Data Warehouse Toolkit Flashcards
Why should reporting not be done from an Operational Source System?
The collection of data happens on a row-by-row basis. Reporting for the sake of making business decisions happens at an aggregated level. These are two different worlds.
Name the 6 goals of a Data Warehouse.
- Data should be easily accessible.
- The data should be consistent and have a high level of quality.
- The DW must be resilient to change.
- The data must meet the security needs of the business.
- The DW must improve business decisions.
- The DW must be accepted and used by Business Users.
What are the 4 components of a data warehouse
- Operational Source Systems
- Data Staging Area
- Data Presentation Area
- Data Access Tools
What is an Operational Source System?
It is where business transaction data is collected.
What happens in the Data Staging Area?
ETL.
What are Data Marts?
‘A wedge of the overall presentation area pie.’ A single data mart represents the relevant data for a specific business process.
Why should Data Marts use a Dimensional Model instead of 3rd-normal-form?
3rd-normal-form may be superior for operational processing, but it results in complicated schemas and is therefore confusing and cumbersome to query.
Why is it important to give access to data more granular than the relevant summary/aggregated data?
Even if Business Users will rarely be concerned with the row-level detail, providing the most granular possible data will allow flexibility in what questions Business Users can ask.
Where do numerical data generally get stored?
In the Fact Tables.
Where do descriptor data generally get stored?
In Dimension Tables.
What is the difference between a Star Schema and a snowflake Schema?
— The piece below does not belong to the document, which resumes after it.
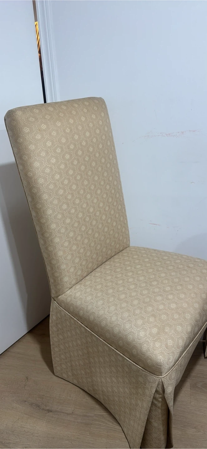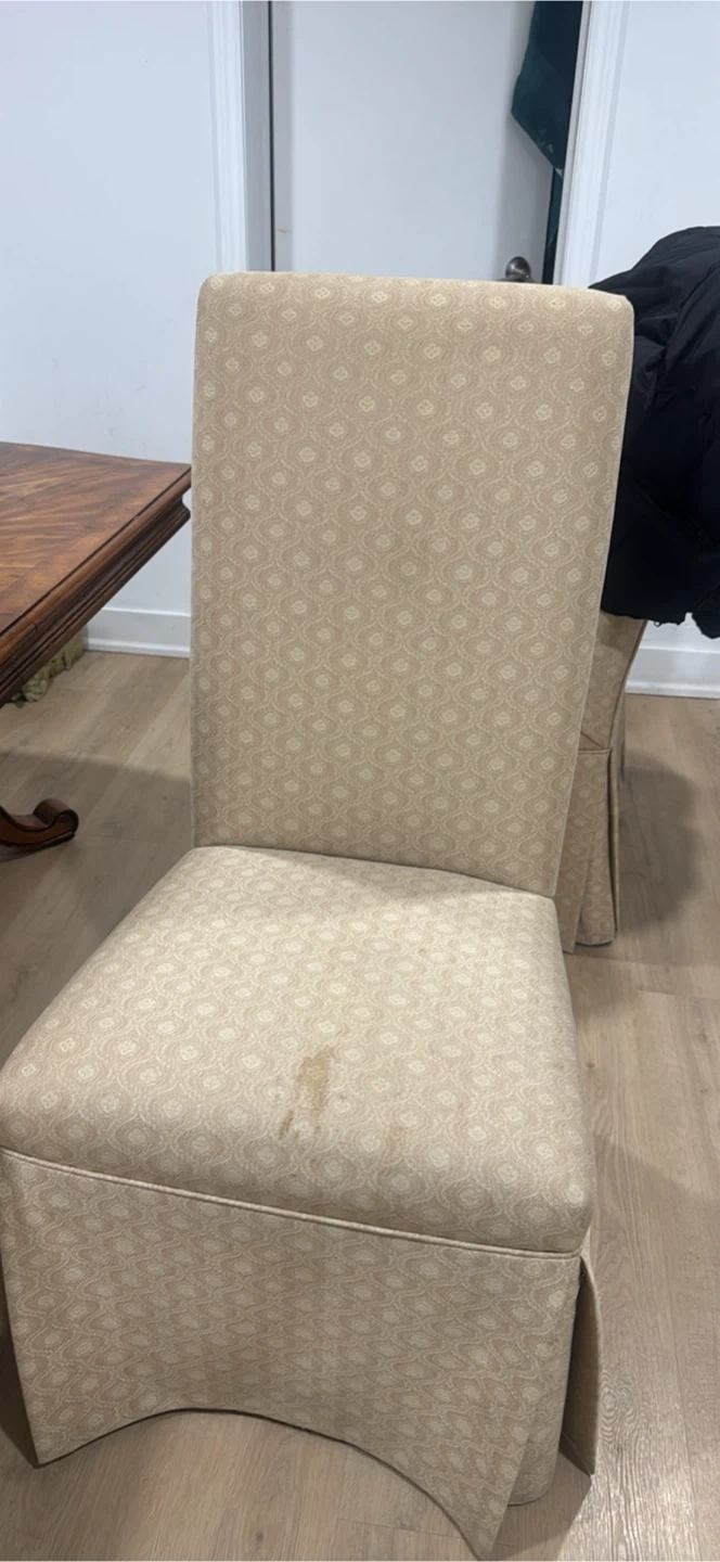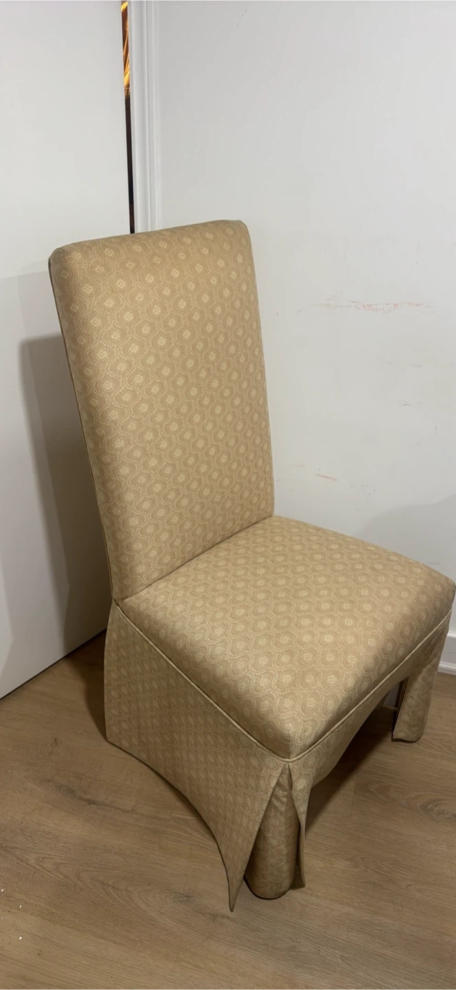 This dining chair features a patterned beige upholstery. It has a skirted base and a high back. Some staining is visible on the seat cushion.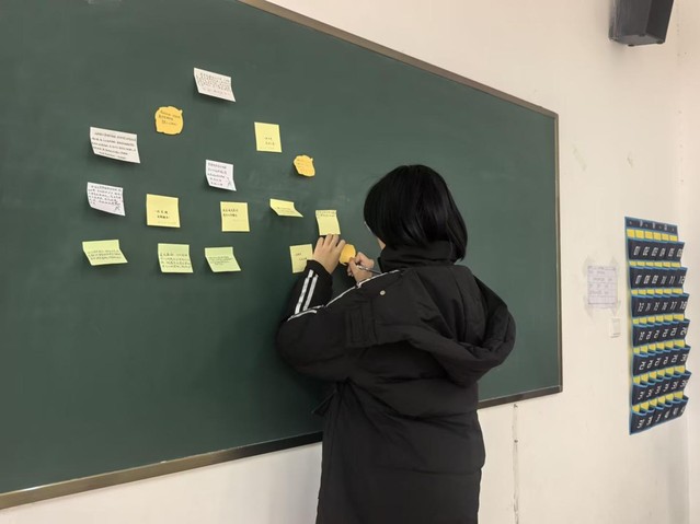 活动筹备阶段,工作人员提前 1 小时到场布置:在教室黑板边缘贴好暖黄色装饰灯带,将不同色系的便利贴按班级分置在桌面,摆好黑色、蓝色签字笔及少量彩色笔供选择,柔和的灯光与缤纷的物料让教室提前氤氲起温馨氛围。活动开始后,参与同学有序领取便利贴,或低头思索字句,或提笔流畅书写。写完后,大家依次将便利贴贴在黑板上,从角落到中心,原本素净的黑板逐渐被红、黄、蓝等色彩填满,形成一面字句滚烫的 “祝福墙”。针对因课程冲突无法到场的同学,活动设置了补签点,允许其在当日 18:00 前补写祝福并张贴,确保每一份心意都不缺席。现场不时有同学驻足 “祝福墙” 前拍照,轻声念出上面的文字,笑意与暖意交织在教室内。

Which is superior and why?
In a Star Schema there is one fact table surrounded by only one level of Dimension Tables. In a snowflake Schema, your dimension tables may be further normalized into multiple levels.
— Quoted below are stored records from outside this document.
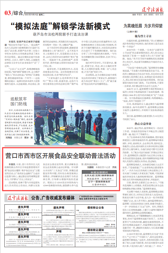 日前,营口市西市区人民检察院联合西市区市场监督管理局开展“依法综合履职 维护食品安全”主题宣传活动,以“食药安全益路行”公益诉讼监督为核心,通过普法宣传凝聚监管合力,守护群众“舌尖上的安全”。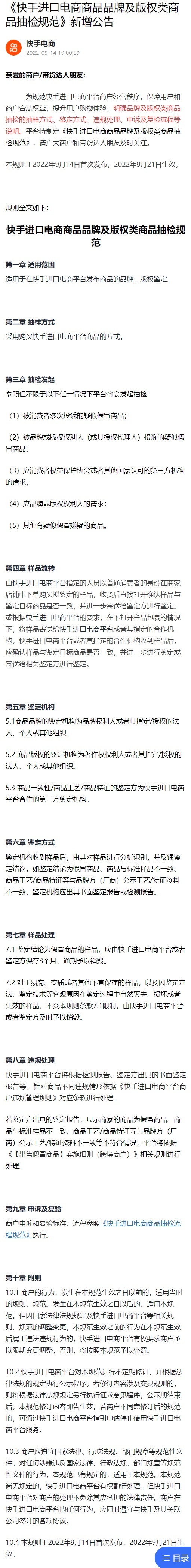 9月15日消息,快手电商发布公告称,为规范快手进口电商平台商户经营秩序,保障用户和商户合法权益,提升用户购物体验,明确品牌及版权类商品抽检的抽样方式、鉴定方式、违规处理、申诉及复检流程等说明。平台特制定《快手进口电商商品品牌及版权类商品抽检规范》,于2022年9月21日生效。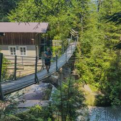 Notre rando d’aujourd’hui s’est super bien passée ! Le parcours était vraiment sympa, avec un petit pont suspendu et les ruines d’un ancien château. On a passé une super journée !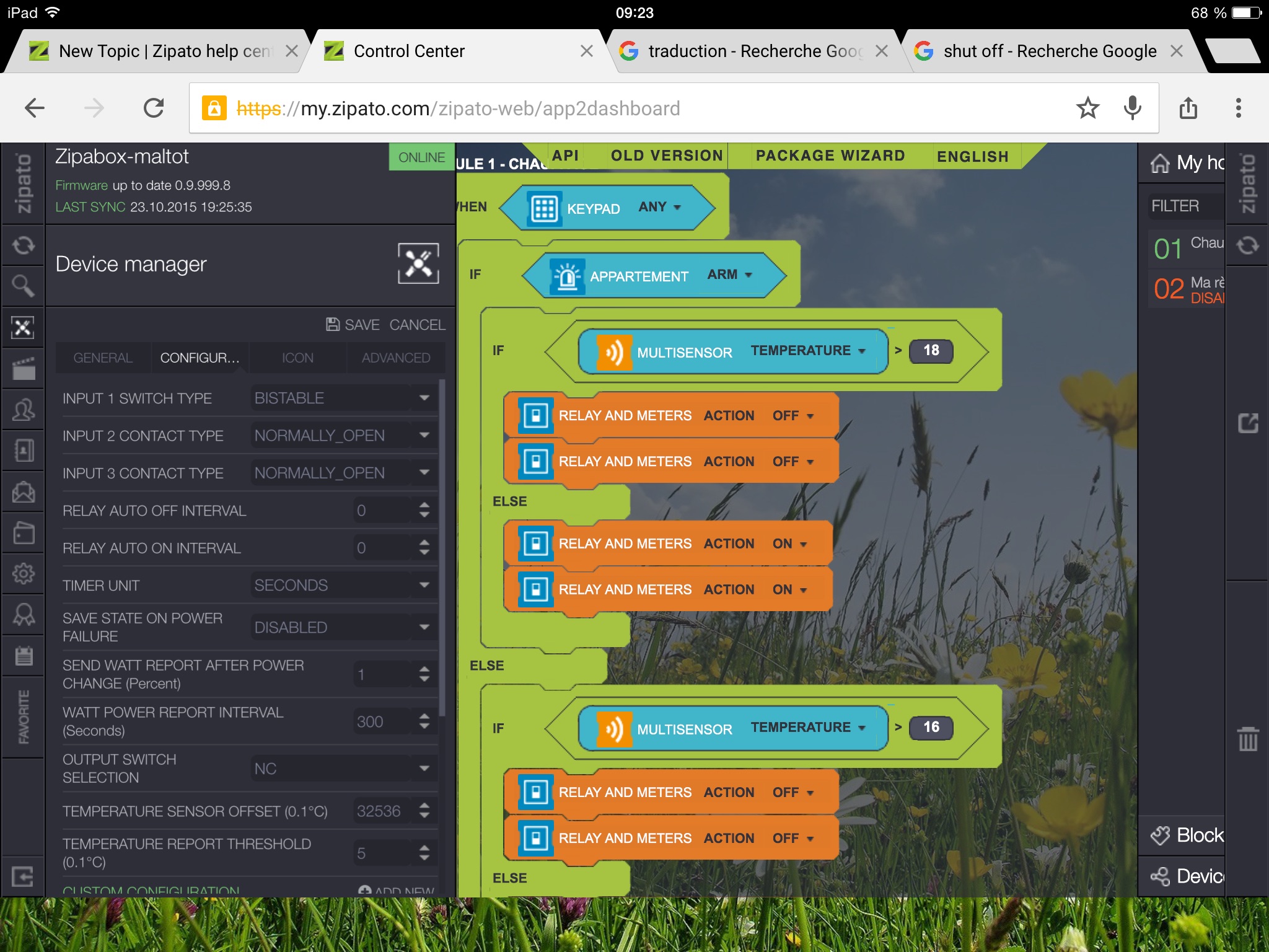 I want when the temperature is to high to shut off my heater with qubino on/off relay. But when i arm the system, relay automatically shut off. I confirm the sensor temperature is less than the trigger temperature i define. I also add the Qubino settings attached.

Star schema is preferred in a dimension model. While snowflake can be efficient storage-wise, it is harder to query in the same way that 3NF is.
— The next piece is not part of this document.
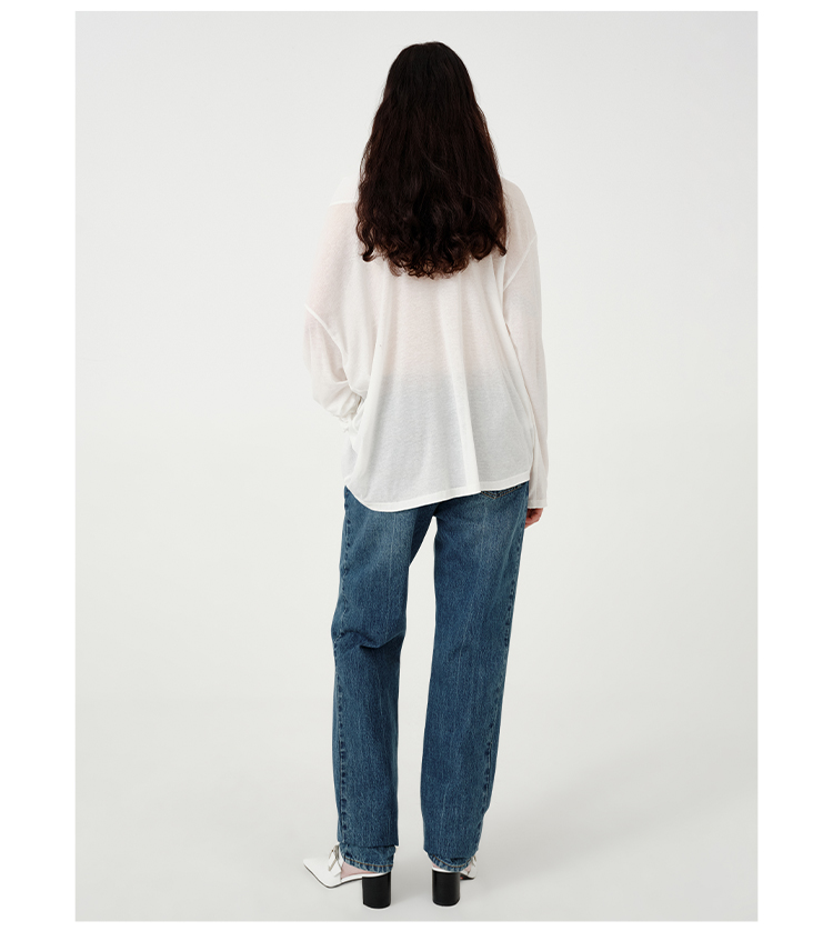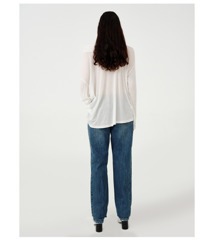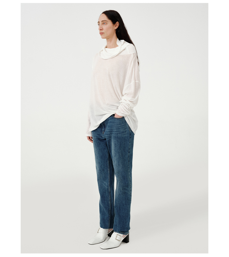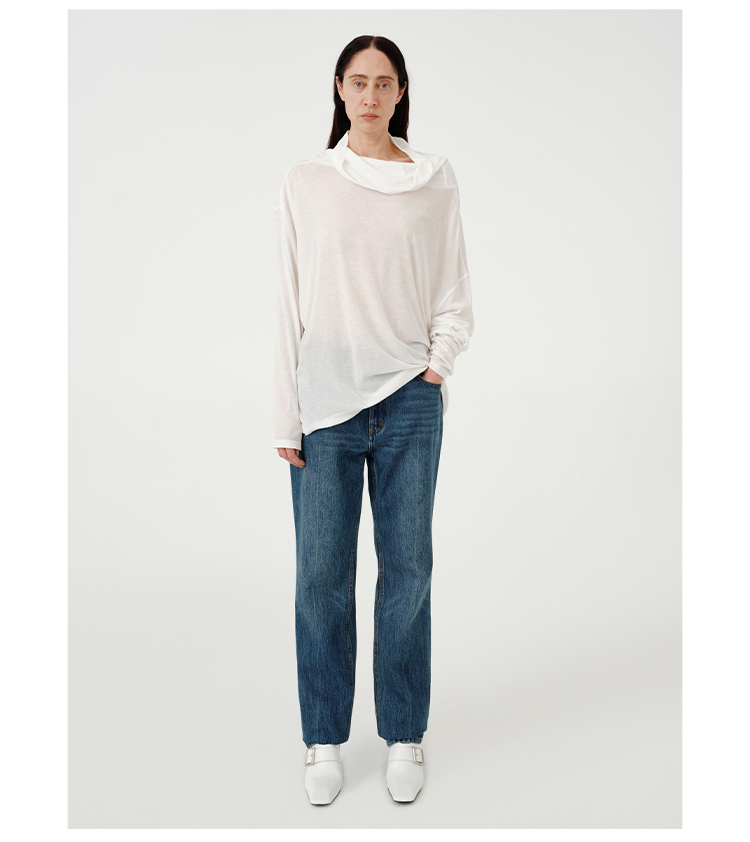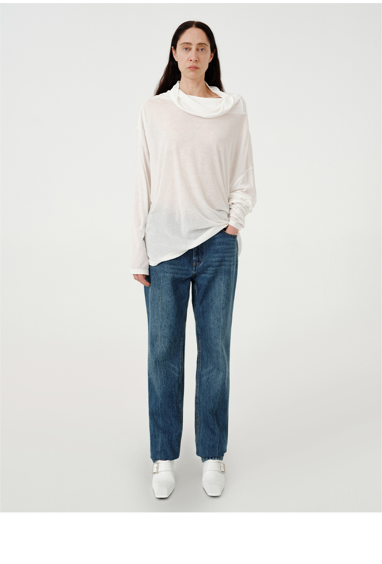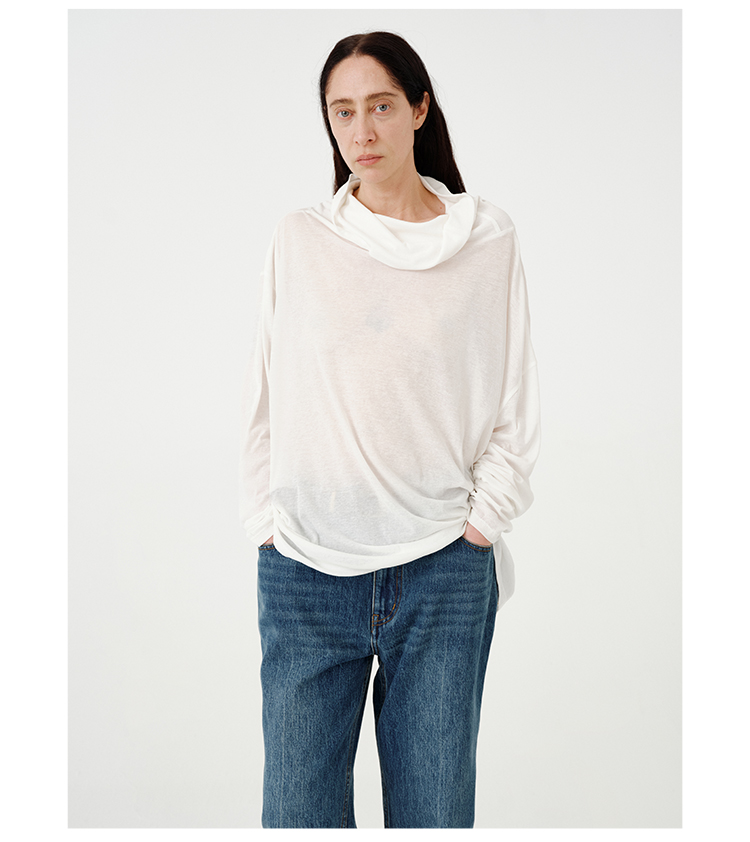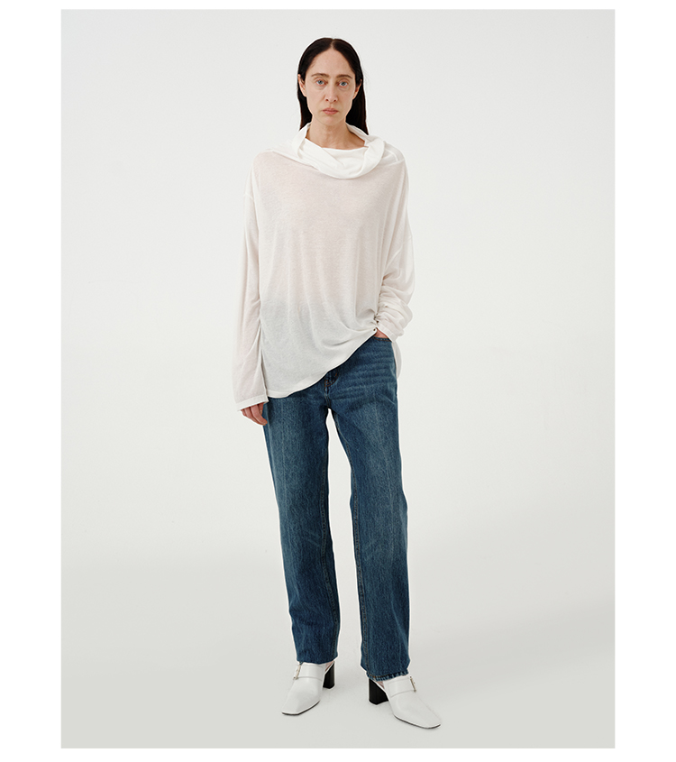 HIDEMI进口甄选高捻纱堆堆领一字肩多穿式薄针织上衣

Marketing and Sales are both concerned with lead generation metrics. Should I give each of them a lead generation data mart?
No. Data Marts should be process-centric, not department centric. This simplifies the data warehousing system.
What are the 4 Steps in the Dimensional Design Process?
- Select the business process to model
- Declare the grain of the business process.
- Choose the dimensions.
- Identify the numeric facts.
How can you choose which business model to process when there may be many?
Choose the business model that represents the most pressing business question.
How can you choose the grain?
The most atomic (most granular) level is almost always the preferred level of granularity.